WordPress Include Me Plugin
Plugin Name Include Me
Type of Vulnerability Cross-Site Scripting (XSS)
CVE Number CVE-2025-58983
Urgency Low
CVE Publish Date 2025-09-09
Source URL CVE-2025-58983

Include Me Plugin (<=1.3.2) XSS: What WordPress Site Owners Must Do Right Now


A Cross‑Site Scripting (XSS) vulnerability has been disclosed in the “Include Me” WordPress plugin (versions up to and including 1.3.2; fixed in 1.3.3, see CVE-2025-58983). This advisory explains the technical risk, realistic attack scenarios, who is affected, immediate containment steps, safe remediation, and longer‑term hardening measures. The guidance is practical and aimed at site owners and technical teams.
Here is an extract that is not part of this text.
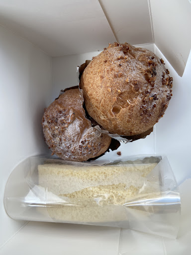 Read moreパピヨン(200円)を2個と、パピヨンロール(300円)をいただきました。名前の由来はわかりませんが、パピヨンは濃厚でなめらかなカスタードがたっぷり詰まったシュークリーム。皮はほどよく香ばしく、甘さのバランスも良いです。パピヨンロールは、ひんやりと冷えた生クリームがふんわりスポンジと合い、軽い口どけが心地よい一品でした。他のケーキも魅力的でしたが、全体的に価格はやや高めに感じます。 接客は丁寧で言葉遣いも落ち着いており、安心して注文できました。店内は清潔感があり、ショーケースの中もきれいに整えられています。落ち着いた雰囲気で、ゆっくり選ぶことができました。 今回は口コミ評価が高かったため訪問。味は十分満足できましたが、小さなケーキの箱にシュークリーム2個とケーキを重ねて入れられており、形が崩れそうで少し残念でした。 ご馳走様でした。 来...

Executive summary (the tl;dr)

  • Vulnerability: Stored Cross‑Site Scripting (XSS) in Include Me plugin ≤ 1.3.2 (CVE-2025-58983).
  • Required privilege (reported): Administrator.
  • Impact: Stored XSS enabling JavaScript/HTML injection that executes in visitors’ or administrators’ browsers.
  • Severity: CVSS around 5.9 (medium), context-dependent; real risk grows if administrative credentials are compromised.
  • Fixed in: 1.3.3 — update immediately if the plugin is in use.
  • If you cannot update now: restrict admin access, deactivate the plugin if feasible, enforce monitoring and containment.

Why XSS still matters (even if it “only” needs an admin)

An XSS that requires an administrator to submit content may appear low risk, but in practice administrative accounts are common targets. Password reuse, phishing and prior breaches lead to elevated likelihood that an attacker can gain admin privileges. Stored XSS can be used to:

  • Deliver phishing pages and steal credentials.
  • Create additional admin accounts or modify content persistently.
  • Install scripts that load backdoors or persistent connectors to remote infrastructure.
  • Inject spam, malicious redirects, or SEO‑poisoning content that harms reputation.

Automated scanners will attempt exploitation quickly after disclosure — so even a seemingly minor exposure can escalate rapidly.

What the vulnerability can do (realistic attack scenarios)

Stored XSS can have many practical consequences; examples include:

  • Session theft or token exfiltration (when combined with other weaknesses).
  • Silent admin takeover flows: creating users, changing passwords, injecting persistent scripts or backdoors.
  • Malvertising, drive‑by redirects, or fake update prompts to deliver malware to visitors.
  • Phishing under the site’s own domain for higher credibility.
  • Bypassing browser‑reliant controls (stealing CSRF tokens, altering client‑side logic).

Who is affected

  • Any WordPress installation running Include Me ≤ 1.3.2 is potentially vulnerable.
  • The reported required privilege is Administrator: an attacker with admin access can exploit this to broaden control.
  • Sites with multiple operators or third‑party agencies that have admin access are higher risk.

Immediate actions (first 90 minutes)

  1. Check plugin version
    • WP Admin → Plugins to view the installed version.
    • Or via command line: wp plugin get include-me --field=version.
  2. If on ≤ 1.3.2: Update immediately

    Apply the plugin update to 1.3.3 (or later). If your environment permits, prioritise the security update even if you plan later testing in staging.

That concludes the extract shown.